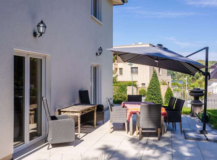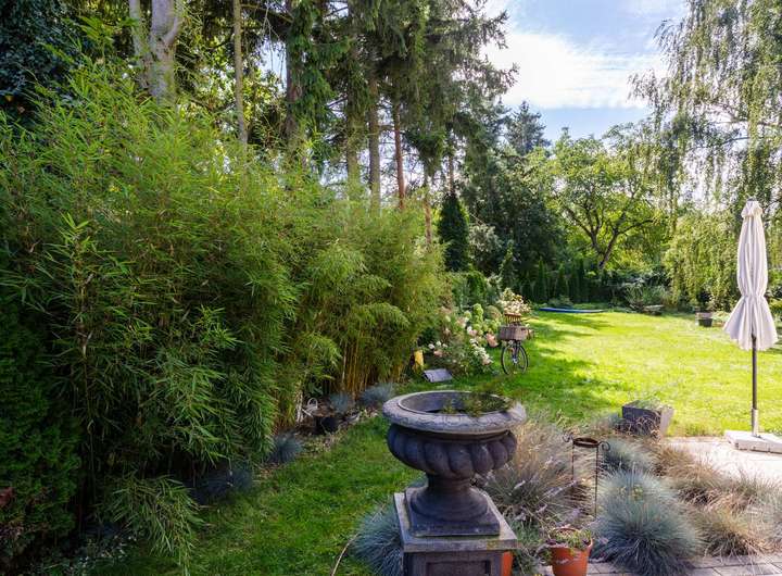 Das sonnige Süd-West-Grundstück lädt dazu ein, die langen Sommerabende im Freien zu genießen. Der wunderschön gestaltete Garten und der gepflegte Vorgarten bieten Ruhe, Privatsphäre und ein harmonisches Gesamtbild. Die 30m² große Sonnenterrasse lädt zu gemütlichen Abenden mit Familie und Freunden ein.
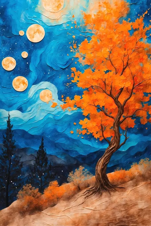Poster Boom die 's nachts op een heuvel groeit Nr f42274
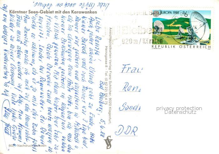 73319388 alte Postkarte Villach Kaernten Kaerntner Seengebiet mit Karawanken aus der Vogelperspektive postalisch gelaufen Reliefkarte Erhaltung siehe scans [FriedD77] KatCode: 11390211020201
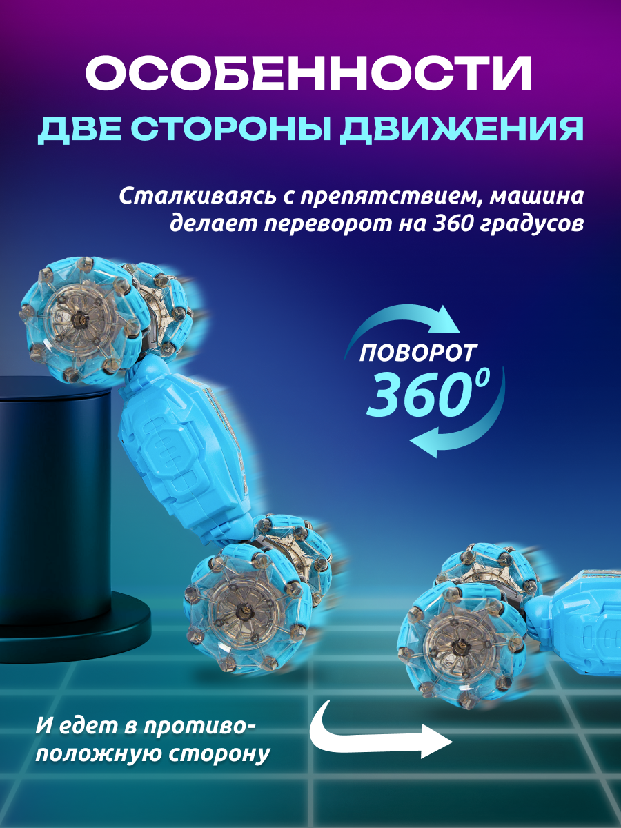 Умные колеса и дрифт: Машинка способна на дрифт — движение боком и по диагонали, что делает управление еще более захватывающим.
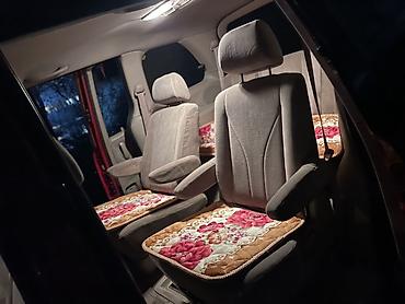 - Салон: светлая тканевая отделка, три ряда сидений. Во втором ряду — раздельные капитанские кресла с подлокотниками; третий ряд — полноразмерный, складывается для увеличения багажника. Потолочный свет, карманы в дверях, центральная консоль с нишами. На сиденьях — чехлы/коврики.
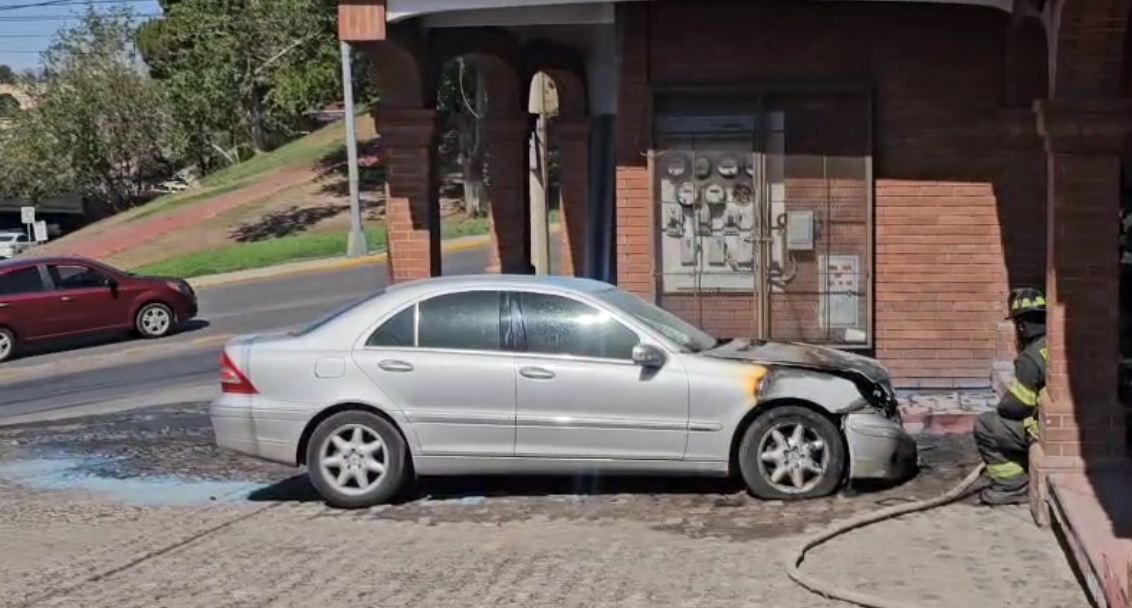 H. Cd de Chihuahua.- Un fuerte incendio en un vehículo de lujo desató la movilización de cuerpos de emergencia este lunes por la mañana, justo en el cruce
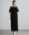 繊細なチュールと立体感のあるリーフ模様の刺繍が美しく調和した上品なロングドレス。
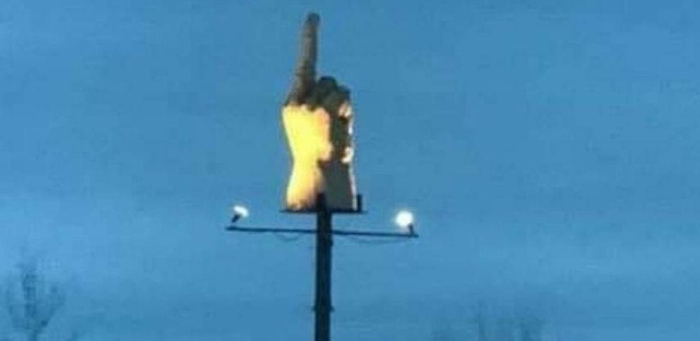Nach 10 Jahren hatte er jetzt die Nase voll und entschied, drastische Maßnahmen zu ergreifen um es den Behörden heimzuzahlen. So Pelkey er am 30. November eine gigantische Mittelfinger-Statue in seinem Garten auf, welche 320 Kilogramm schwer und 5 Meter hoch ist und somit über das ganze Dorf ragt. Zwei Flutlichter sorgen dafür, dass die Behörden auch in der Nacht an seine Wut erinnert werden.
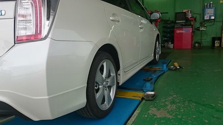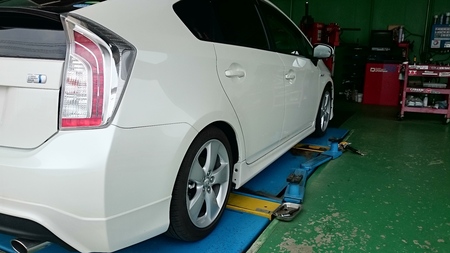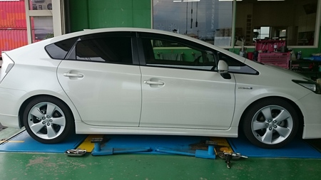 本日、プリウスの車高調取り付けと車高調整を行いました。

════════════════════

Exercise details> All lines from the one containing "繊細なチュールと立体感のある" to the last line of the records above, both included, need to be repeated word for word; omit the pictures.

Answer for this exercise>
 繊細なチュールと立体感のあるリーフ模様の刺繍が美しく調和した上品なロングドレス。
Nach 10 Jahren hatte er jetzt die Nase voll und entschied, drastische Maßnahmen zu ergreifen um es den Behörden heimzuzahlen. So Pelkey er am 30. November eine gigantische Mittelfinger-Statue in seinem Garten auf, welche 320 Kilogramm schwer und 5 Meter hoch ist und somit über das ganze Dorf ragt. Zwei Flutlichter sorgen dafür, dass die Behörden auch in der Nacht an seine Wut erinnert werden.
 本日、プリウスの車高調取り付けと車高調整を行いました。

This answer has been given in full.